*** Given data Section Begins ***

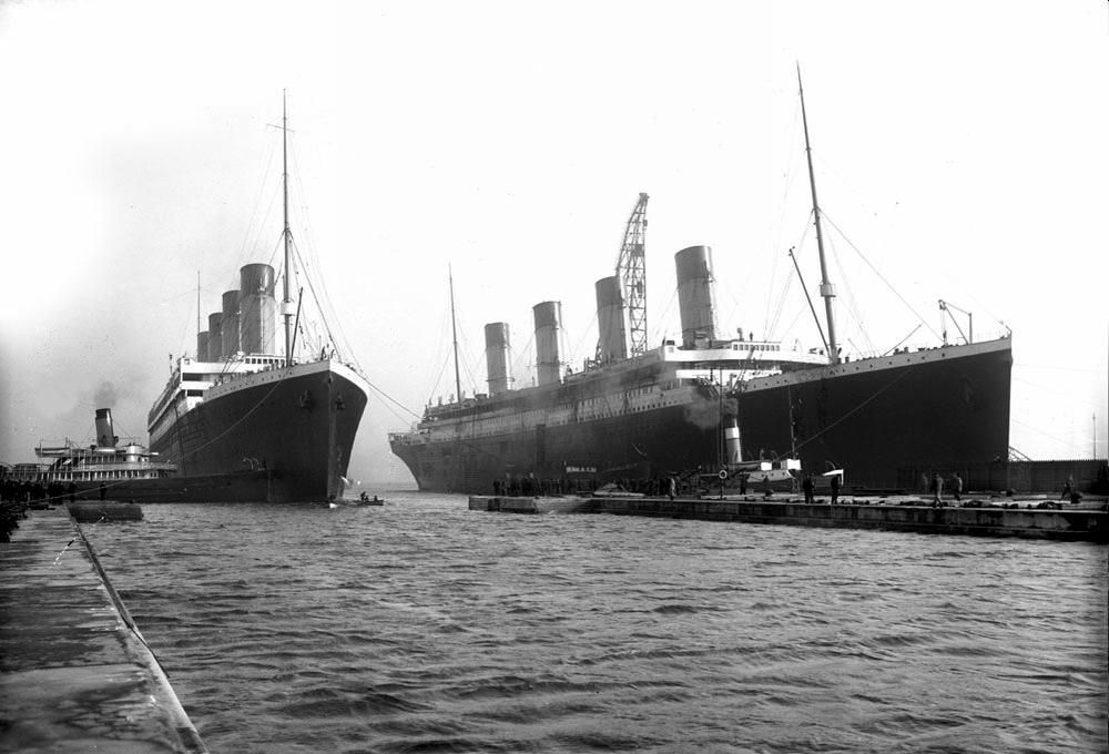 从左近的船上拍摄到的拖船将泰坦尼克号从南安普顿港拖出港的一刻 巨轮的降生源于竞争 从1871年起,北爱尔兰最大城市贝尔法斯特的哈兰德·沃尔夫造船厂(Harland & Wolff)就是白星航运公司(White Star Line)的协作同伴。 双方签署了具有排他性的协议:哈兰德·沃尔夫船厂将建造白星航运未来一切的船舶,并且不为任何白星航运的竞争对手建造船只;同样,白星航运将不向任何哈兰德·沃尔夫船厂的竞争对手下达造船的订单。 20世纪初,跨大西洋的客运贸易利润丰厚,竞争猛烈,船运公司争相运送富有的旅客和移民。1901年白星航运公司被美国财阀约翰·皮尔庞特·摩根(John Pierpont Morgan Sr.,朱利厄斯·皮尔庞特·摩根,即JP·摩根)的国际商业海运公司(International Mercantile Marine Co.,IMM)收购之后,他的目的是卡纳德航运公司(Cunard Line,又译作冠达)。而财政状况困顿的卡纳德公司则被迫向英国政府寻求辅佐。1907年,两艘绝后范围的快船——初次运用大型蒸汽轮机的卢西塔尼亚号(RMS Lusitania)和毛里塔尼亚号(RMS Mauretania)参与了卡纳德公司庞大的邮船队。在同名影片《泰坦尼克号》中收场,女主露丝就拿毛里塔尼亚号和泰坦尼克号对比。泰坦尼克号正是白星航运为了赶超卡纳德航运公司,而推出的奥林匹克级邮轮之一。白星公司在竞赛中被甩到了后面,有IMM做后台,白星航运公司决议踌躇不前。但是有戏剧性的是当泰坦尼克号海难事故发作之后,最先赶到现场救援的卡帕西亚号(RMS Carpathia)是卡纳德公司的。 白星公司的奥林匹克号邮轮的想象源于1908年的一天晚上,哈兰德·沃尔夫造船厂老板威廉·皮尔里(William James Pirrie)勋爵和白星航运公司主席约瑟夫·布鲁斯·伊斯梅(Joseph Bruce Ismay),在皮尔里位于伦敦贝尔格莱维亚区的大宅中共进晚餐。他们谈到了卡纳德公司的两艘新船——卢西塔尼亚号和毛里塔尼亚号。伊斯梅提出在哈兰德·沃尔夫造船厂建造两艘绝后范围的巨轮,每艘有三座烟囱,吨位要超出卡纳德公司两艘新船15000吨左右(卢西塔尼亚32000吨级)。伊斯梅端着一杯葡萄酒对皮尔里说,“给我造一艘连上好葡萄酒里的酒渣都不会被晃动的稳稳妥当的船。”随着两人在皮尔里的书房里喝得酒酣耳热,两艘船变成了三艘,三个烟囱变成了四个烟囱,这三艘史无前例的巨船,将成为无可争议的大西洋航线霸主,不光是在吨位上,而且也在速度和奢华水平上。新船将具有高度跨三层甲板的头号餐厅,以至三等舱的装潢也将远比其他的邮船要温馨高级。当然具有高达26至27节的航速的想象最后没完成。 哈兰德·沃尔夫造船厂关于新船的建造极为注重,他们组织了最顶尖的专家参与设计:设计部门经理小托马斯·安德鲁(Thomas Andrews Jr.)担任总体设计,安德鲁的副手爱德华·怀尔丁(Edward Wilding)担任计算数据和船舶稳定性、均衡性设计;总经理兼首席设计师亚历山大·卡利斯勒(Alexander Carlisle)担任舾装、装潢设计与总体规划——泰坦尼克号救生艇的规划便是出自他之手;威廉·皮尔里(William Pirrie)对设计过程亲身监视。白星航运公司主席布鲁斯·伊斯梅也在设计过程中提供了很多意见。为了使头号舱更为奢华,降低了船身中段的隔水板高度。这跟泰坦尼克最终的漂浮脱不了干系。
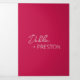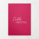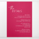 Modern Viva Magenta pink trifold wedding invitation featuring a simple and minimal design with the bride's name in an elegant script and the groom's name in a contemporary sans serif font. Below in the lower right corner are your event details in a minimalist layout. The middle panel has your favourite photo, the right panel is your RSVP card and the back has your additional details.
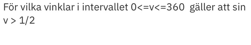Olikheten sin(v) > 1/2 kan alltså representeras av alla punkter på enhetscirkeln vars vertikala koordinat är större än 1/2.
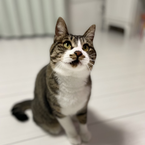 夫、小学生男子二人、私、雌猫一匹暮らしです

*** Given data Section Ends ***

■ The problem ■
Word for word, reproduce each line from the one with "Olikheten sin(v) >" through the last line of the material above, both included, and drop the pictures.

■ Your solution ■
Olikheten sin(v) > 1/2 kan alltså representeras av alla punkter på enhetscirkeln vars vertikala koordinat är större än 1/2.
 夫、小学生男子二人、私、雌猫一匹暮らしです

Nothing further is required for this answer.